Exercise brief
Every line of the material below should be output exactly as written, with the images skipped.

Input data
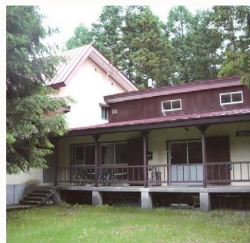
40周年を迎えた大阪市立大学白馬セミナーハウス

平成26年3月15日(土)に長野県北安曇郡白馬村の大阪市立大学白馬セミナーハウスにおいて、創立40周年記念式典が開催されました。
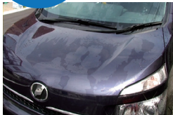
施工前の撥水状態
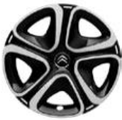
16 Zoll Stahlfelgen STEEL&STYLE
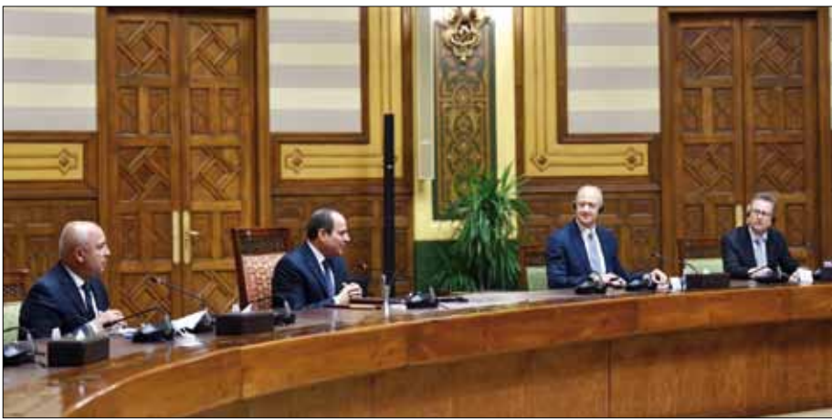
■ الرئيس السيسي خلال لقائه وفد شركة «سيمنز» بحضور وزير النقل

ومعد مؤتمر تغير المناخ في دورته رقم ٢٧ القادمة في شرم الشيخ. واختتم شولتز معلقا على مراسم التوقيع مع شركة سيمنز، بقوله إن توقيع هذه العقود سيشهد إحلال القطارات محل الملايين من الرحلات بالسيارات والناقلات والحافلات وهو ما يعني تقليل انبعاثات الدخان والكربون وتحسين جودة الهواء، مؤكدا أنه يوم جيد للعلاقات الاقتصادية بين مصر وألمانيا ويوم جيد للتقليل من آثار تغير المناخ. وأكد «شولتز» أن مصر الآن قيد التحول لرائدة في تكنولوجيا السكك الحديدية في القارة الأفريقية، معربا عن أمه في أن تحذو دول أخرى حذوها في ذلك، موجها الشكر لمصر على ثققتها في ألمانيا ومهندسيها، وراجيا لجميع المخترطين في هذا المشروع الضخم كل النجاح . قائلا: «لعلنا نقرا بعد بضعة أعوام رواية لكاتب مصري يقص فيها عن مروره بالمنظر الطبيعية بانسيابية بينما يجلس في القطار المتوج من القاهرة لأسوان».

Exercise solution
40周年を迎えた大阪市立大学白馬セミナーハウス

平成26年3月15日(土)に長野県北安曇郡白馬村の大阪市立大学白馬セミナーハウスにおいて、創立40周年記念式典が開催されました。
施工前の撥水状態
16 Zoll Stahlfelgen STEEL&STYLE
■ الرئيس السيسي خلال لقائه وفد شركة «سيمنز» بحضور وزير النقل

ومعد مؤتمر تغير المناخ في دورته رقم ٢٧ القادمة في شرم الشيخ. واختتم شولتز معلقا على مراسم التوقيع مع شركة سيمنز، بقوله إن توقيع هذه العقود سيشهد إحلال القطارات محل الملايين من الرحلات بالسيارات والناقلات والحافلات وهو ما يعني تقليل انبعاثات الدخان والكربون وتحسين جودة الهواء، مؤكدا أنه يوم جيد للعلاقات الاقتصادية بين مصر وألمانيا ويوم جيد للتقليل من آثار تغير المناخ. وأكد «شولتز» أن مصر الآن قيد التحول لرائدة في تكنولوجيا السكك الحديدية في القارة الأفريقية، معربا عن أمه في أن تحذو دول أخرى حذوها في ذلك، موجها الشكر لمصر على ثققتها في ألمانيا ومهندسيها، وراجيا لجميع المخترطين في هذا المشروع الضخم كل النجاح . قائلا: «لعلنا نقرا بعد بضعة أعوام رواية لكاتب مصري يقص فيها عن مروره بالمنظر الطبيعية بانسيابية بينما يجلس في القطار المتوج من القاهرة لأسوان».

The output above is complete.